You just have to love it when ANYONE, not just family members, offer comments like this, but provide no suggestions or ways to help. You can acknowledge the need, but turn it around on them and ask for ideas! Response - I am fully aware that she "needs" something to do, but come up with some ideas sis rather than telling me she needs a "job." Just making this ridiculous statement doesn't help. I like others' comments that suggest having sis take her for a week or more and let HER come up with some ideas! Let her see how difficult it is to keep mom "occupied" and "purposeful" and happy. If other family only "watch" mom for short periods, they have NO clue.
For you, think about any other activities that mom liked in the past. If she is capable of making anything, such as blankets, knitted items, "care" packages, etc for kids, seniors, cats/dogs in shelters, etc, she would be helping them and keeping busy. Keep any projects like these simple. Delivering items to others in need might also make her feel more useful. It sounds like she needs more interaction with people. Having been a teacher and volunteer at a school, she clearly likes being with/helping others. "Helping" at an adult day center might work too. She would get out, see/interact with others, and perhaps feel useful.
The only problem with any kind of volunteering is that it would need to be in a supervised capacity, which might mean you would have to be there. What volunteer work do you do? Could she participate in any of that with you? If not, perhaps you could find other volunteer work that would allow her to join you. Pet shelters are a good place too, however unless they can keep an "eye" on her, it might be harder for them to accept help from her. On the other side, some people just are not pet people - our mother would NEVER do something like that! She might like seeing the little dogs other people have, but not want to care for and hang out with them.
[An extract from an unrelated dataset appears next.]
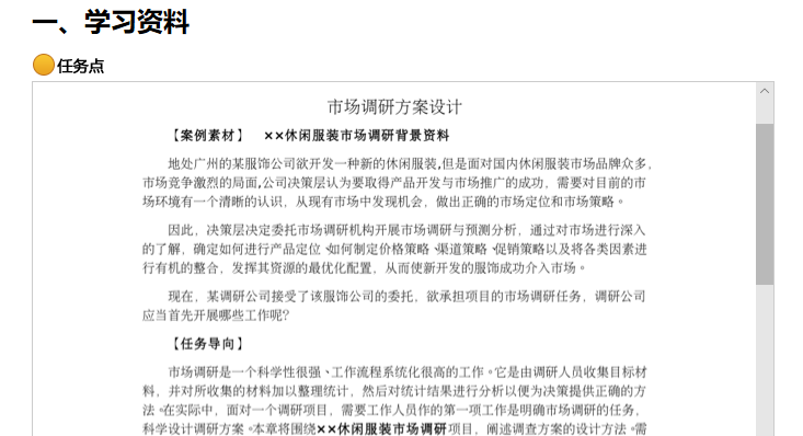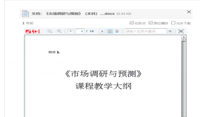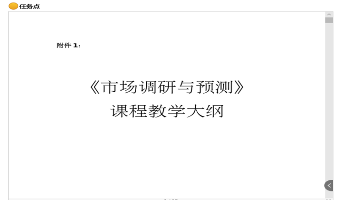 学生手里没有教材,为更好开展线上教学,帮助学生更好地把握课程知识体系,把《市场调研与预测教学大纲》作为任务点嵌入课程章节体系,并设置防拖拽完成的要求。

I do hear all the complaints about being bored, nothing to do, stuck in here, etc, but our mother was not one to want to do any "work" outside the house after retiring. She and our father had a whale of a retirement until dad became too hard to manage. After he passed, she would socialize with some people from her 55+ condo area and go to many activities at the senior center, especially the free or low cost meals (they'd all go with bells on to those!) As dementia set in, she eventually self-isolated, making excuses not to go with the others, or just refusing to go out. Now in MC, she still complains about having nothing to do, but any suggestions are met with the hand wave off... Since your mom has the 'drive', keep trying various duties and tasks until you find something she likes doing. With that thought, perhaps she would like to "help" in a MC facility? It WOULD be a safe place for her, give her something to do and maybe help the staff (setting tables at meal time, bringing meals to the tables, helping to feed those who need help, socializing with the residents, etc.)